*** Block opens ***

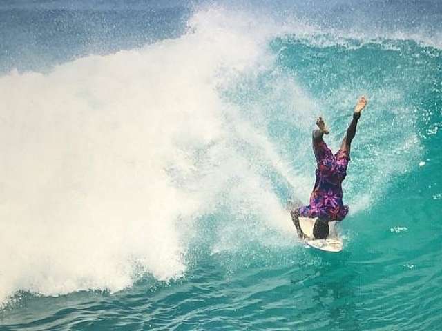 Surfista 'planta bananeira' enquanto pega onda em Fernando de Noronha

*** Block closes ***
*** Block opens ***

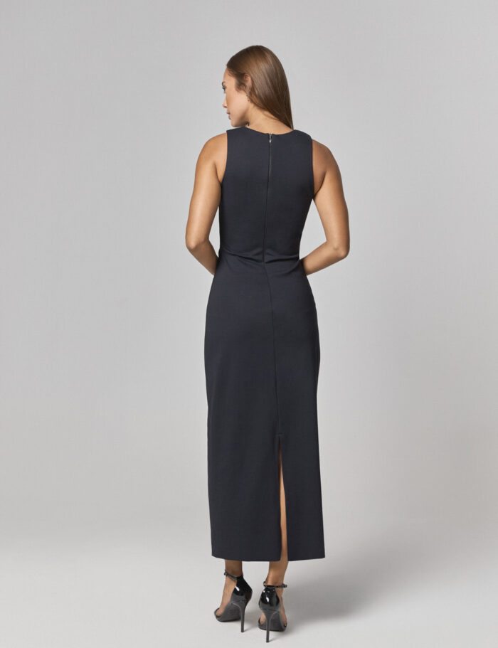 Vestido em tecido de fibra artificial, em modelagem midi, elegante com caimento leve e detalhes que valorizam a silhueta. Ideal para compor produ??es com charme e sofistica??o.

*** Block closes ***
*** Block opens ***

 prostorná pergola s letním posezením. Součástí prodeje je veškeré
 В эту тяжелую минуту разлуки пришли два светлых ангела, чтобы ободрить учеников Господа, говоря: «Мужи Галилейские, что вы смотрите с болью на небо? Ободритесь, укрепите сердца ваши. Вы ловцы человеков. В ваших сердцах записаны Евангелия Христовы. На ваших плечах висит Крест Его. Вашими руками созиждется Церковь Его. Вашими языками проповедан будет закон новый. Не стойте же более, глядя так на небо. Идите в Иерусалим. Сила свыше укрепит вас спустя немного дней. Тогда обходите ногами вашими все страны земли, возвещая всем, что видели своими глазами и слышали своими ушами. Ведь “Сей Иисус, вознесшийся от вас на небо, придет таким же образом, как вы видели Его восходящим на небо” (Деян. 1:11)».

*** Block closes ***

YOUR INSTRUCTIONS: Using the entries shown above, reproduce verbatim the lines from the line bearing "prostorná pergola s" to the line bearing "В эту тяжелую", inclusive.

FINISHED TASK:
 prostorná pergola s letním posezením. Součástí prodeje je veškeré
 В эту тяжелую минуту разлуки пришли два светлых ангела, чтобы ободрить учеников Господа, говоря: «Мужи Галилейские, что вы смотрите с болью на небо? Ободритесь, укрепите сердца ваши. Вы ловцы человеков. В ваших сердцах записаны Евангелия Христовы. На ваших плечах висит Крест Его. Вашими руками созиждется Церковь Его. Вашими языками проповедан будет закон новый. Не стойте же более, глядя так на небо. Идите в Иерусалим. Сила свыше укрепит вас спустя немного дней. Тогда обходите ногами вашими все страны земли, возвещая всем, что видели своими глазами и слышали своими ушами. Ведь “Сей Иисус, вознесшийся от вас на небо, придет таким же образом, как вы видели Его восходящим на небо” (Деян. 1:11)».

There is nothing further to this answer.